В подвале царила неразбериха из забытых предметов, здесь навалом лежали лампы, фонари, ящики с книгами, которые никто уже не прочтет, и одежда, которую никто уже не будет носить.
По спине у меня текли ручейки пота, в беззвучной тьме происходила функция потоотделения. Телевизор и видеоплейер были засунуты в угол за потертое кресло. Я принес их в гостиную, настроил телевизор и подключил к нему видеоплейер. Старая техника работала по-прежнему безупречно.
В мамином письменном столе я нашел пакет с письмом и видеозаписью, но читать письмо было выше моих сил.
Я вышел в сад и закурил. Почему-то я начал курить. По утрам вкус никотина во рту был похож на вкус свежих фруктов.
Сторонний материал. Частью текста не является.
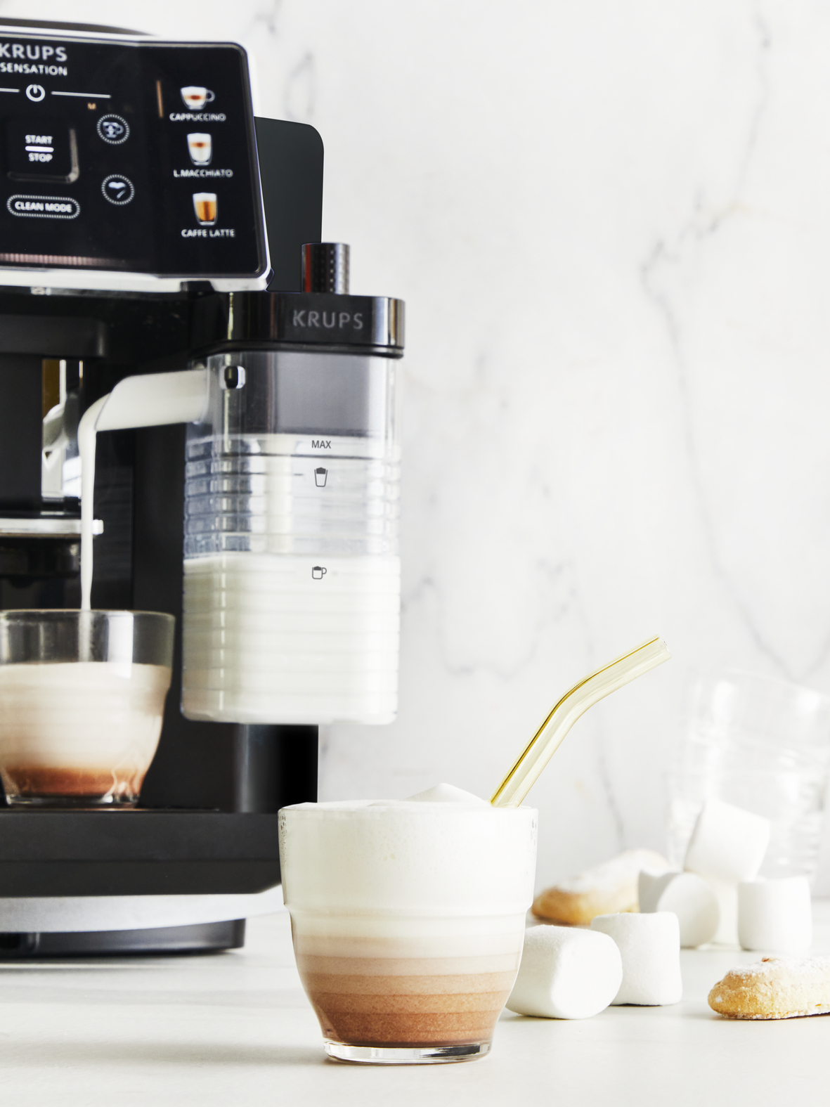 TEHNOLOGIJA MLEČNIH NAPITKOV MILK MAESTRO: Samodejni kavni aparat, opremljen z ekskluzivno tehnologijo, ki z enostavnim dotikom omogoča pripravo popolne mlečne pene — za božanske kavne in mlečne napitke z barsko kakovostjo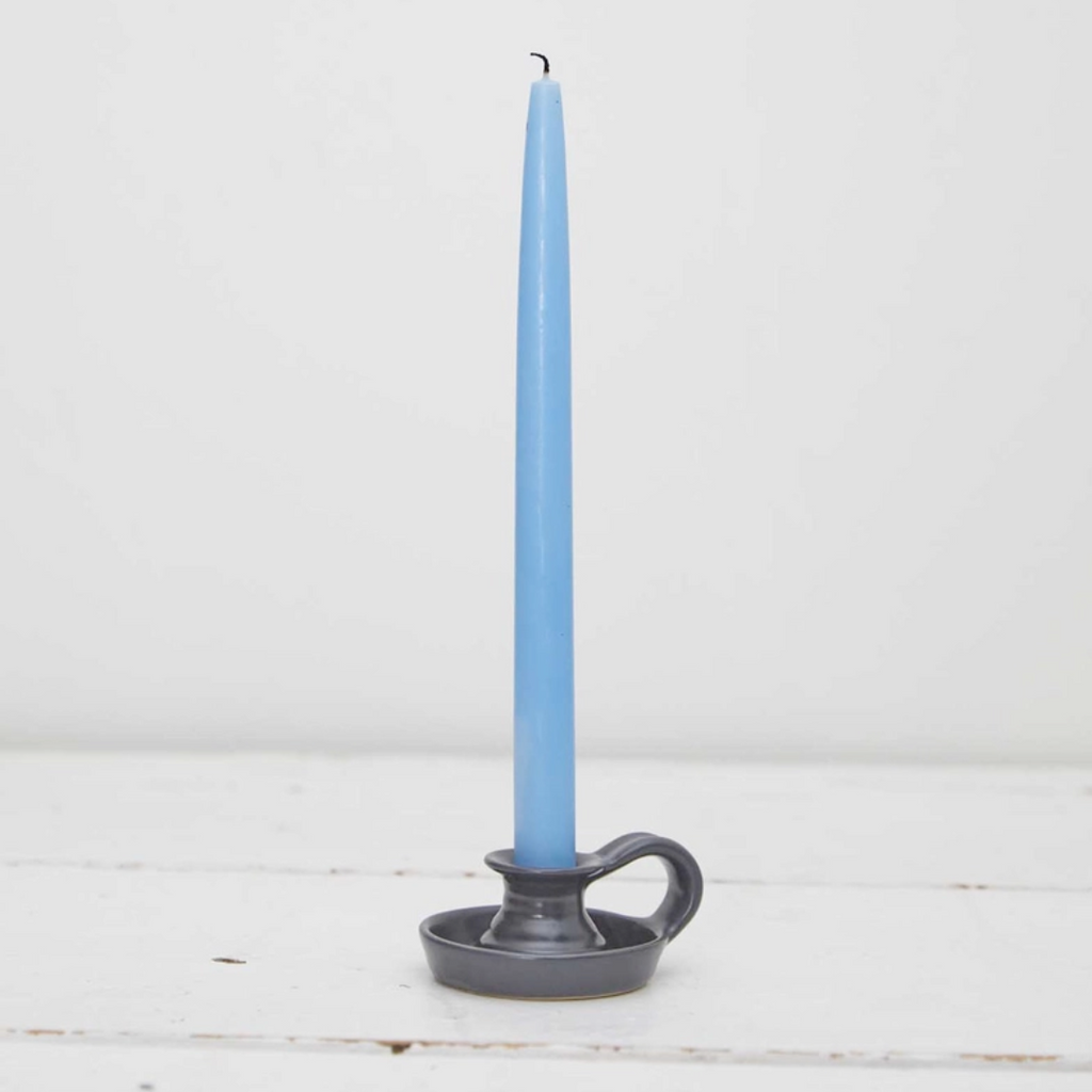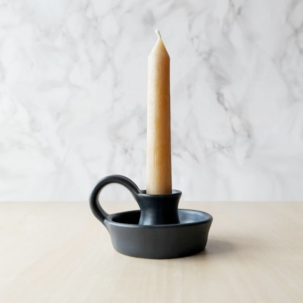 This vintage-inspired ceramic candlestick holder by Stuck in the Mud is lovely in its simple and quiet design. Perfect for any space including your dining table, dresser, or side table. This version has a handle that is reminiscent of the old chambersticks. The candle holder is created one at a time on a potter's wheel, which is then glazed and fired. Measures approximately 3" wide and 1.75" tall. Great singly or as a set. Pair it with one of the tapered candles by Danice Design! Handmade in US.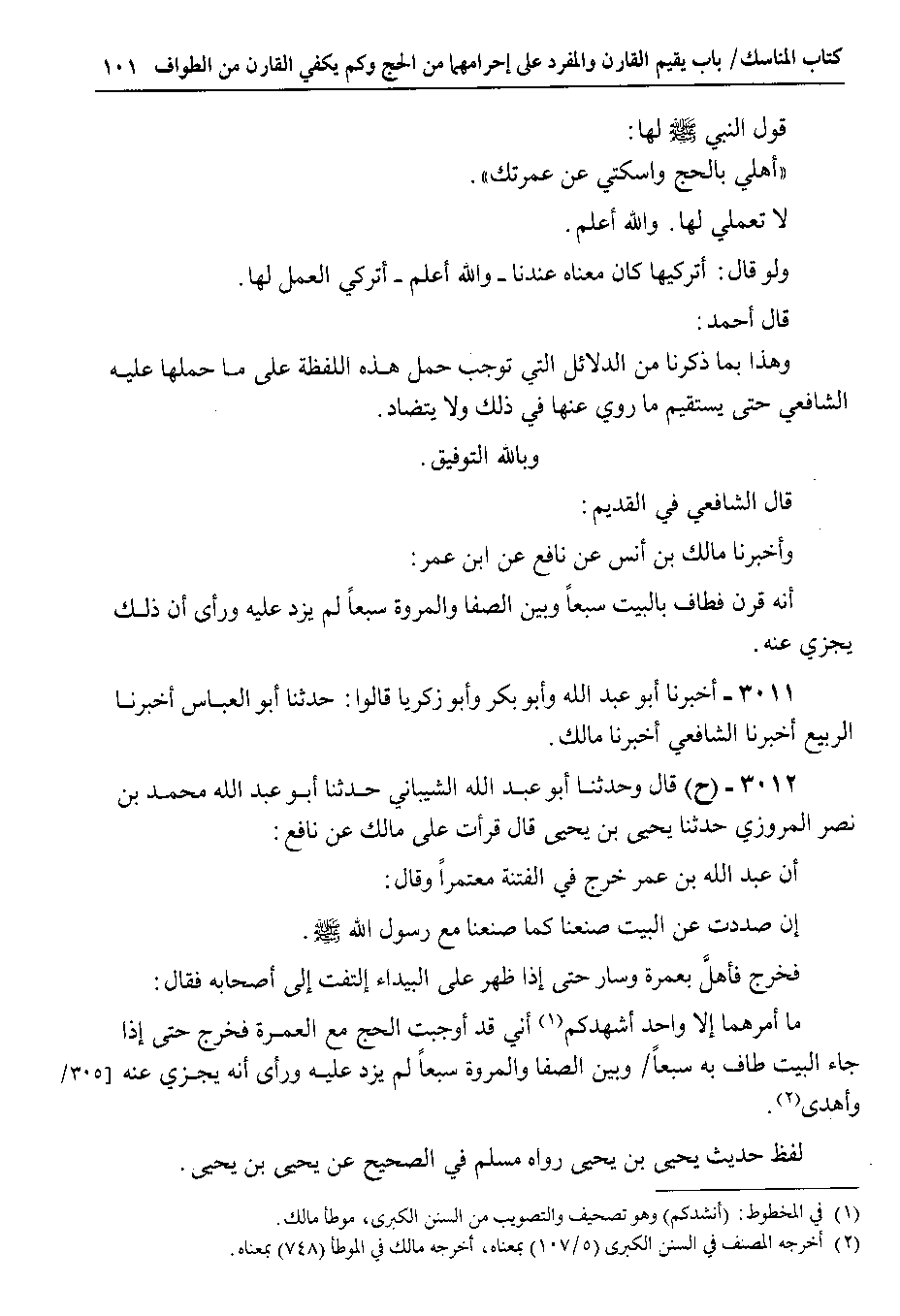 قال الشافعي في القديم وأخبرنا مالك بن أنس عن نافع عن ابن عمر أنه قرن فطاف بالبيت سبعاً وبين الصفا والمروة سبعاً لم يزد عليه ورأى أن ذلك يجزي عنه.
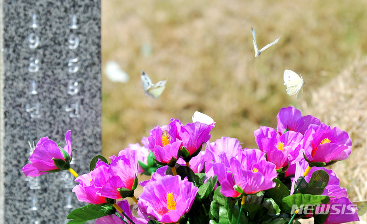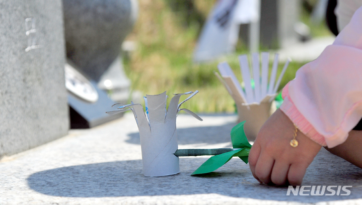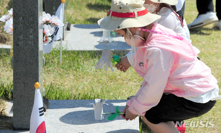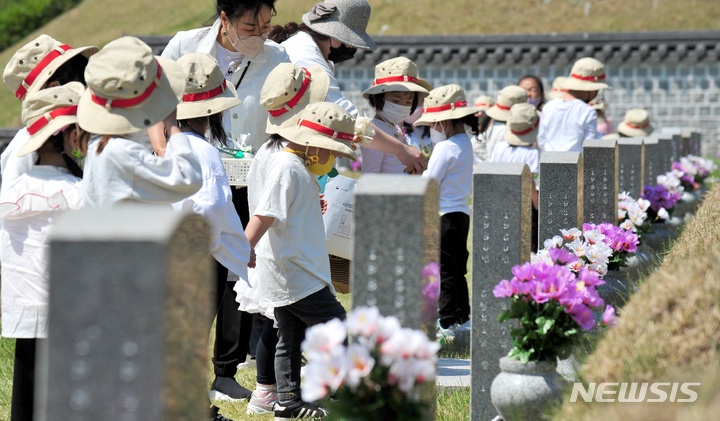 5・18民主化運動(光州事件)42周年を二日後に控えた16日午前、光州市北区雲亭洞の国立5・18民主墓地では、北区陽山洞にあるイニャン幼稚園の園児たちが参拝していた。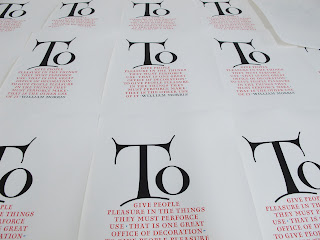 Finally, thinking that one new foundry type might not be enough, I decided to make a second one. My typeface Nicolas, which was drawn while thinking of the enamel-work lettering of Nicolas of Verdun, has now been cut, fit, and trial cast by Micah Currier. The type will be used for the William Morris page in the display settings as well as most of the titling in the book. Like the Lisbon ornaments, the Dale Guild will be releasing a limited casting of Nicolas for sale at the Oxford Book Fair.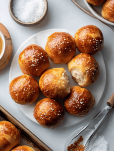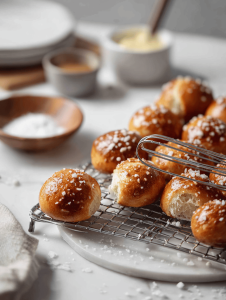 These soft, chewy pretzel bites are made by boiling small dough balls in baking soda water before baking, resulting in a crispy, flavorful crust. The dough is simple, with yeast, flour, and butter, creating a tender interior and a salty, golden exterior. They’re perfect for snacking, with a chaotic, playful look and irresistible texture.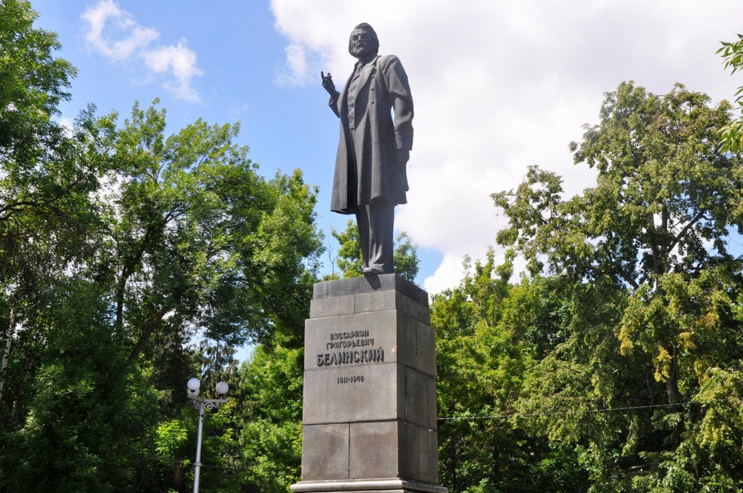 Памятник В. Г. Белинскому установлен в сквере за областным драматическим театром Пензы в 1948 году. Это уже второй памятник Белинскому на этом месте. Первый был взорван в 1918 году во время восстания Чехословацкого корпуса. Детские и юношеские годы Виссариона Григорьевича прошли в Пензе. Его именем названы улицы и скверы города. Великий литературный критик и публицист стоит в полный рост на высоком постаменте. Высота скульптуры — 5,5 метра. Четырёхгранный 5-метровый постамент облицован серым мрамором. Памятник спроектировал Леонид Поляков в соавторстве со знаменитым скульптором Е. В. Вучетичем.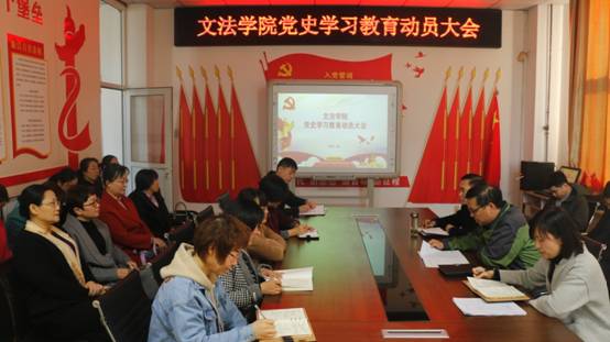 3月22日,文法学院在502会议室召开党史学习教育动员大会,文法学院党委书记王新宇、院长周全星,党委副书记邵帅以及全体教工党员参加了此次会议。会议由文法学院院长周全星主持。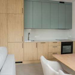 Lokal ten stanowi odrębną własność z udziałem w gruncie i księgą wieczystą a jego powierzchnia użytkowa wynosi 34,56 m2. Mieszkanie jest położone na drugim piętrze. Układ pomieszczeń został zaprojektowany w sposób nowoczesny i przestrzenny. Wewnątrz mamy do dyspozycji pokój dzienny z aneksem kuchennym, jedną sypialnię, łazienkę, przedpokój oraz balkon o pow. 8,40 m2.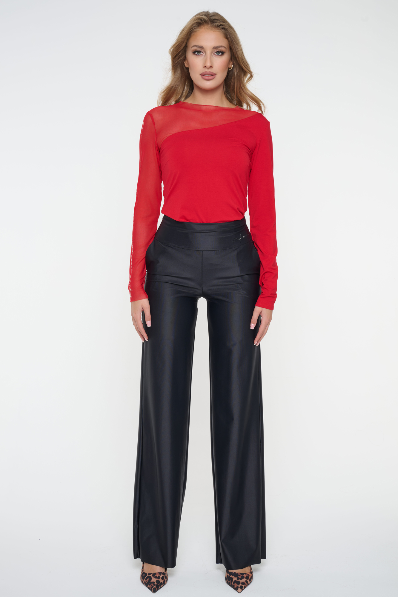 Asymetrické tričko s tylovými rukávy. Na tylovém rukávu nápis INF ze zlatých krystalů Preciosa.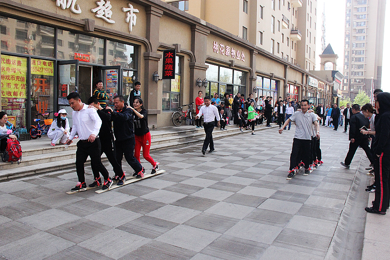 “齊心協(xié)力”項目比的就是大家的一致性,各代表隊派出二組選手,每組四名運動員,分別站在兩塊木板上,用繩固定腳與木板,雙手扶肩,從起點向終點出發(fā),在終點線交接后,下一組返回。萬豪酒店以絕對的優(yōu)勢取得第一名。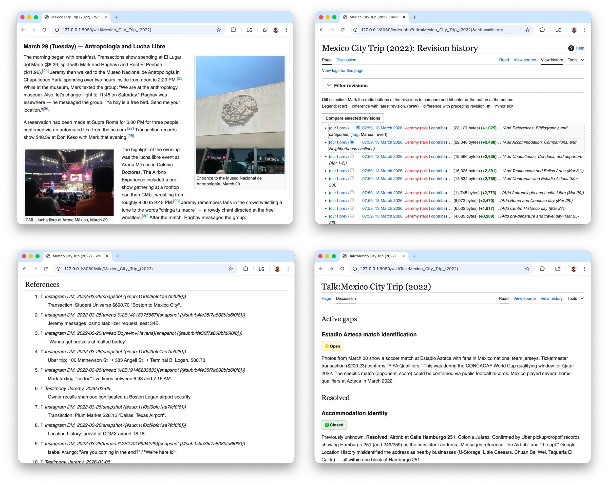 The MediaWiki architecture worked well with the edits, since for every new data source it would make amendments like a real Wikipedia contributor would. I leaned heavily on features that already existed. Talk pages to clarify gaps and consolidate research notes, categories to group pages by theme, revision history to track how a page evolved as new data came in. I didn't have to build any of this, it was all just there.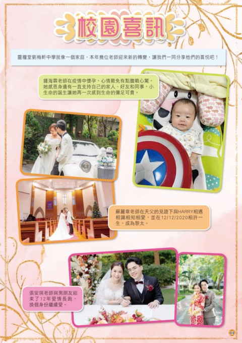 校園喜訊 校園喜訊 靈糧堂劉梅軒中學就像一個家庭,本年幾位老師迎來新的轉變,讓我們一同分享他們的喜悅吧! 鍾海霖老師在疫情中懷孕,心情難免有點膽戰心驚, 她感恩身邊有一直支持自己的家人、好友和同事,小 生命的誕生讓她再一次感到生命的彌足可貴。 蘇麗章老師在天父的見證下與HARRY相遇 相識相知相愛,並在12/12/2020相許一 生,成為黎太。 張安琪老師與男朋友結 束了12年愛情長跑, 換個身份繼續愛。 11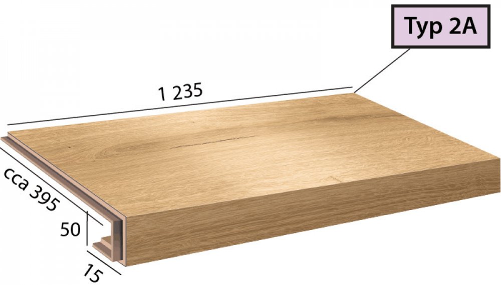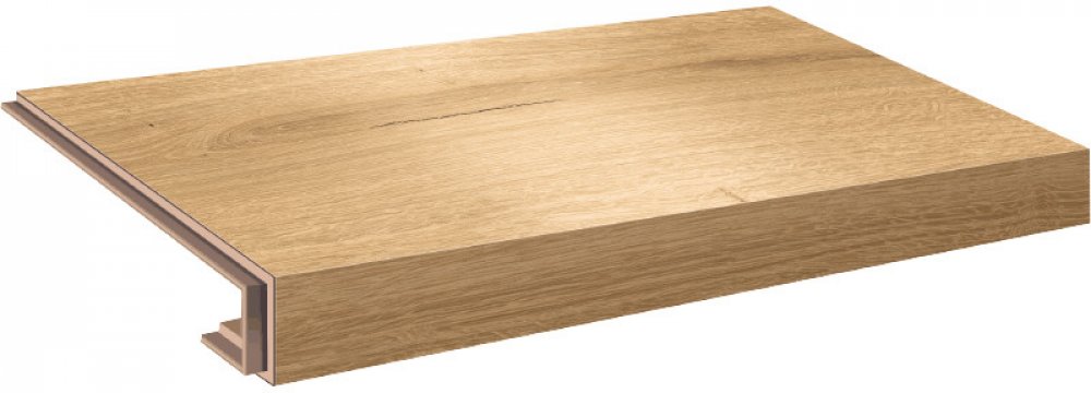 Vinylové schody v dekoru Ecoline Step - 9591 Dub královský světlý, dílec 2A – schod s nosem pro uzavřené schodiště, vlevo i vpravo zámek.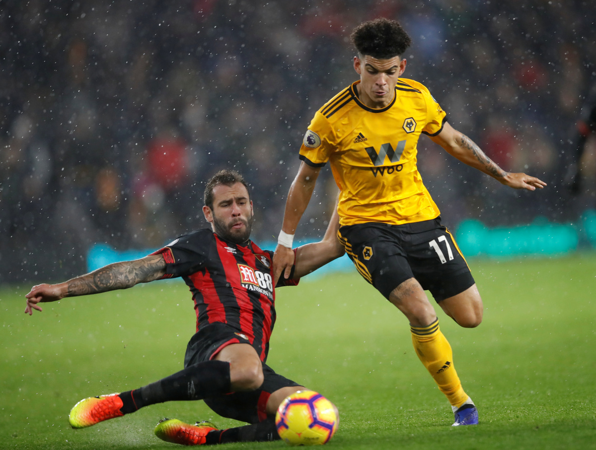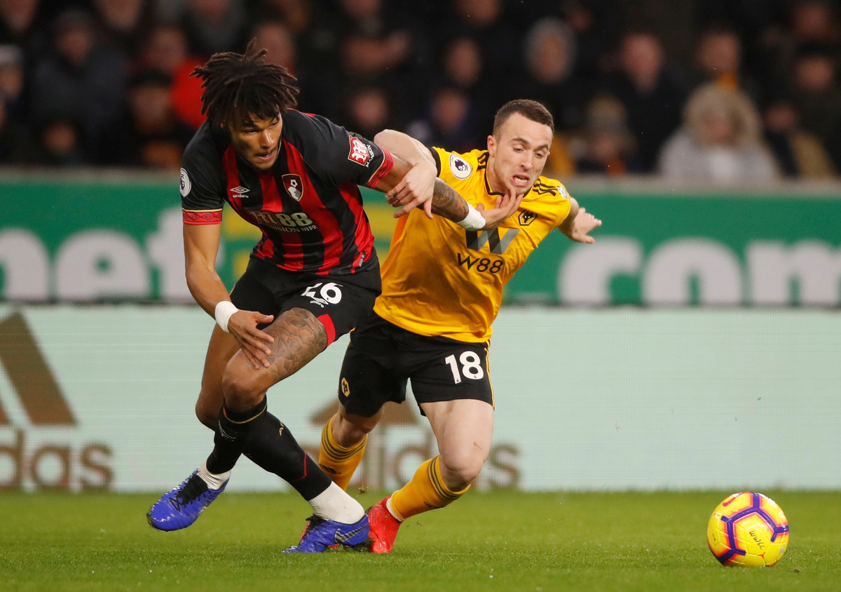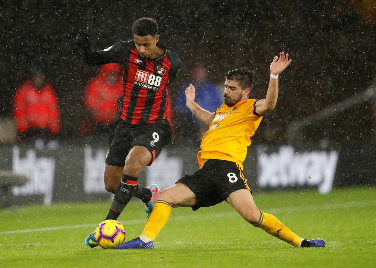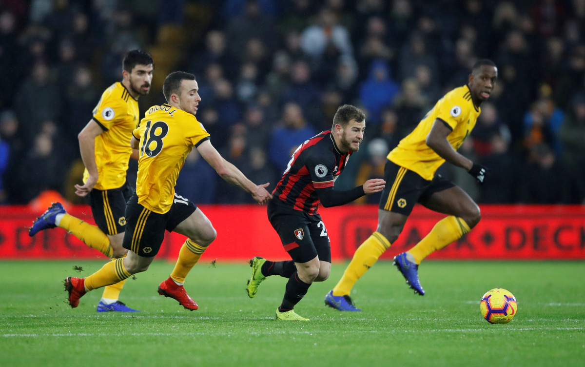 Soccer Football - Premier League - Wolverhampton Wanderers v AFC Bournemouth - Molineux Stadium, Wolverhampton, Britain - December 15, 2018 Bournemouth's Ryan Fraser in action with Wolverhampton Wanderers' Diogo Jota Action Images via Reuters/Carl Recine Soccer Football - Premier League - Wolverhampton Wanderers v AFC Bournemouth - Molineux Stadium, Wolverhampton, Britain - December 15, 2018 Bournemouth's Ryan Fraser in action REUTERS/Darren Staples Soccer Football - Premier League - Wolverhampton Wanderers v AFC Bournemouth - Molineux Stadium, Wolverhampton, Britain - December 15, 2018 Bournemouth's Lys Mousset in action with Wolverhampton Wanderers' Ruben Neves Action Images via Reuters/Carl Recine Soccer Football - Premier League - Wolverhampton Wanderers v AFC Bournemouth - Molineux Stadium, Wolverhampton, Britain - December 15, 2018 Bournemouth's Tyrone Mings receives medical attention after sustaining an injury Action Images via Reuters/Carl Recine Soccer Football - Premier League - Wolverhampton Wanderers v AFC Bournemouth - Molineux Stadium, Wolverhampton, Britain - December 15, 2018 Bournemouth's Joshua King shoots at goal REUTERS/Darren Staples
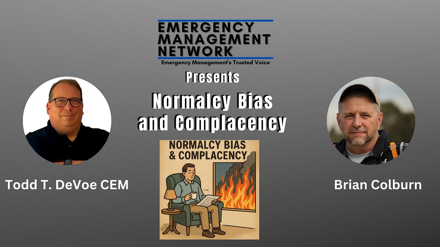 Why do we freeze when we should act? Why do organizations wait for the crisis to end before changing? In this episode, Todd DeVoe and Brian Colburn unpack the psychological trap of normalcy bias and its close cousin, complacency — the silent killers that erode readiness long before disaster strikes.

Во мне что-то перевернулось.
Я долго сидел, держа в руке кассету, потом вставил ее в видеоплейер и услыхал, как пошла пленка.
Отец сидел у стены, обклеенной обоями в белую полоску. На нем была рубашка с открытым воротом. Рубашка и обои оттеняли лицо, темные глаза. Он смотрел прямо в камеру. Лицо было гладкое, без морщин. Может, это старая съемка? Но насколько старая? – подумал я. Десятилетней давности? Однако, как только он заговорил, я понял, что она была сделана незадолго до его исчезновения.
За год до исчезновения у него немного изменился голос. Я тогда еще подумал: у него в голосе как будто появились воздушные пузырьки.
Он сидел, прислонившись спиной к стене, и говорил. Не улыбался. Увидев его лицо в кадре, я вздохнул с облегчением. Мне почему-то казалось, что на кассете будет снято то, о чем я боялся подумать, и я обрадовался, увидев его лицо таким, каким я его помнил, каким оно было, и ничего другого.
– Я не знаю, кто из вас смотрит сейчас на меня… ты, Мириам, или Кристофер. Это странно, я знаю, что это странно. Мне тоже это кажется странным, мне тоже. Но это единственный способ рассказать вам все. Я не говорил об этом раньше, и, если я говорю сейчас, значит, что-то случилось…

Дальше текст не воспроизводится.